Mesajı Okuyun
Old 23-05-2015, 23:04   #4
Av.Duygu Işık Behrem

 
Varsayılan

Benim düşünceme göre mevcut iptal kararı doğrultusunda, devir halinde, mutlak red nedenlerinin işletilmesi mümkün değildir.
TPE ne yazık ki yoruma -nedendir bilmem!- çok açık davranan ve pek çok kararında da kendi içerisinde çelişen bir kurum olmaya başladı. Çoğu zaman, dosyaların farklı farklı uzmanların önüne gitmesi ve uzmanların da yine -niyeyse- marka başvurularının değerlendirilmesinde paralel davranmaması nedeni ile ciddi anlamda sıkıntılar yaşanıyor. Aynı özellikleri taşıyan bir durum/başvuru A uzmanının önüne gittiğinde kabul, B uzmanının önüne gittiğinde red ile sonuçlanabiliyor.
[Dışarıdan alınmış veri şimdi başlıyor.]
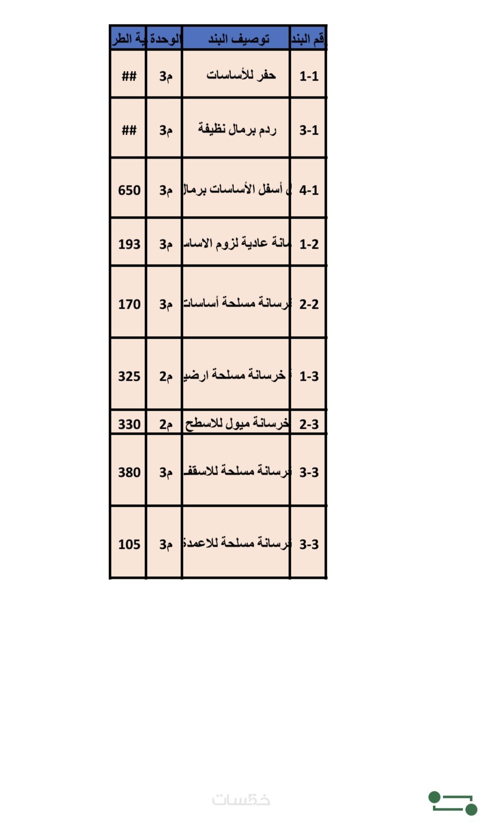 حساب سريع للكميات خرسانة او تشطيبات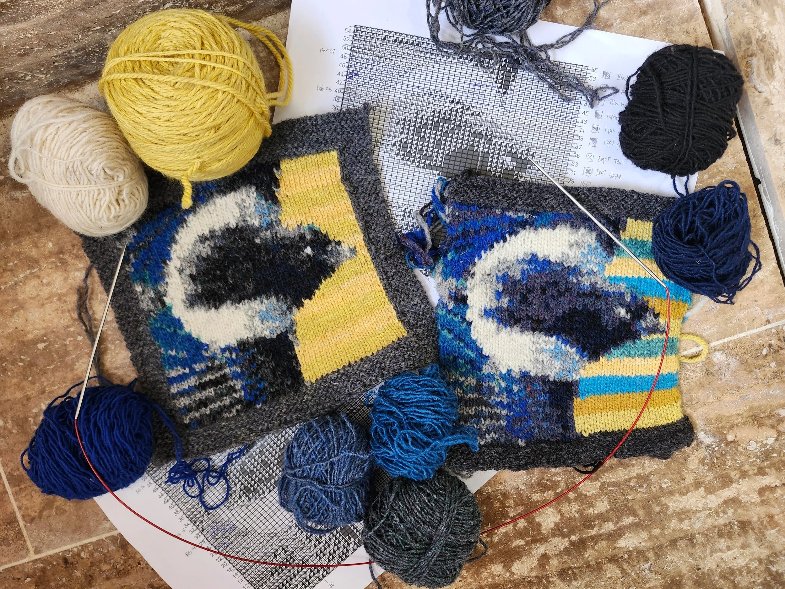 Let it be known that I love the colours of the yarn I’m using – Sport Weight 100% wool (knit double) from Briggs & Little for the magpie, and Merino hand-dyed in Goldenrod by Cabin Boy Knits for the background. My challenge is in figuring out how to combine them.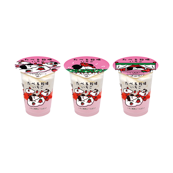 いちごアイスにいちご果肉ソースをのせ、北海道産の牛乳と生クリームを使用したコクのあるミルクアイスをあわせました。
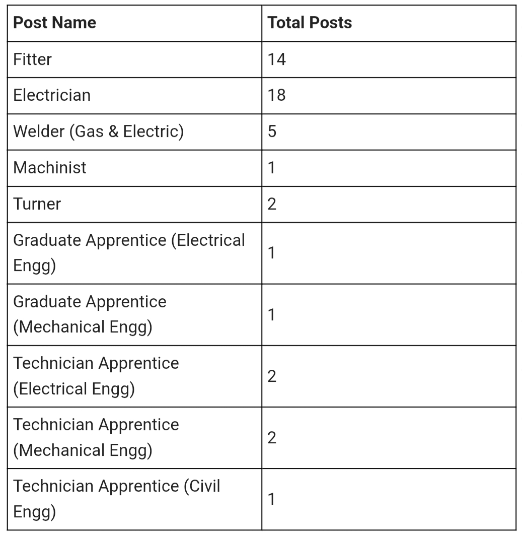 - Trade Apprentice: High School passed with specified percentage (General/OBC: 60% or more, SC/ST: 55% or more). ITI passed from NCVT/SCVT recognized institute between 2023-2025 as regular candidate in relevant trade.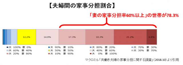 男女間の家事分担の不平等は顕著で、夫婦ともにフルタイムの共働き夫婦のうち、夫より妻の家事負担率が高い世帯は78.3%に上ります(下図参照)。家事は女性がするもの、という価値観が背景にあり、女性が家事を抱え込みがちになっていると考えられます。

O nedenle uygulamada ne olur maalesef yine koskoca bir belirsizlik...

Eski uygulamada bir şahıs, esas unsuru "A" olan markasını bir başka kişiye devretmek istediğinde KHK 16/5 hükmü gereği, esas unsuru "A" olan diğer markalarını da o kişiye devretmek zorunda kalıyordu. Ancak 16/5'in iptali ile artık bu zorunluluğun kaldırıldığı anlaşıldığına göre, burada artık mutlak red sebepleri gerekçe gösterilmemelidir.Çünkü devir işleminde alan razı-satan razıdır. Aynı esas unsuru taşıyan iki ayrı markanın birinin X kişisinde diğerinin Y kişisinde olması (devreden)X'i ve (devrelan) Y'yi rahatsız etmiyorsa, bana göre -mevcut iptal kararı da gözetilerek- TPE'yi de rahatsız etmemelidir.

Ancak iptal gerekçesini düşününce; her an bir yasa değişikliği ile maddenin yasalaştırılması ve eski uygulamaya devam olunması da mümkündür. O nedenle böyle bir şey olursa, olan yine, düzenlemenin iptali ile yasalaştırılması arasında kalan zamanda devir işlemi gerçekleştirenlere olacaktır. Devir işleminin 3. kişilere karşı etkisinin TPE'ye devrin bildirimi ile başladığı da düşünülürse mesele iyice karışabilir. Umarım bu ihtimalin oluşmasına mahal verilmez.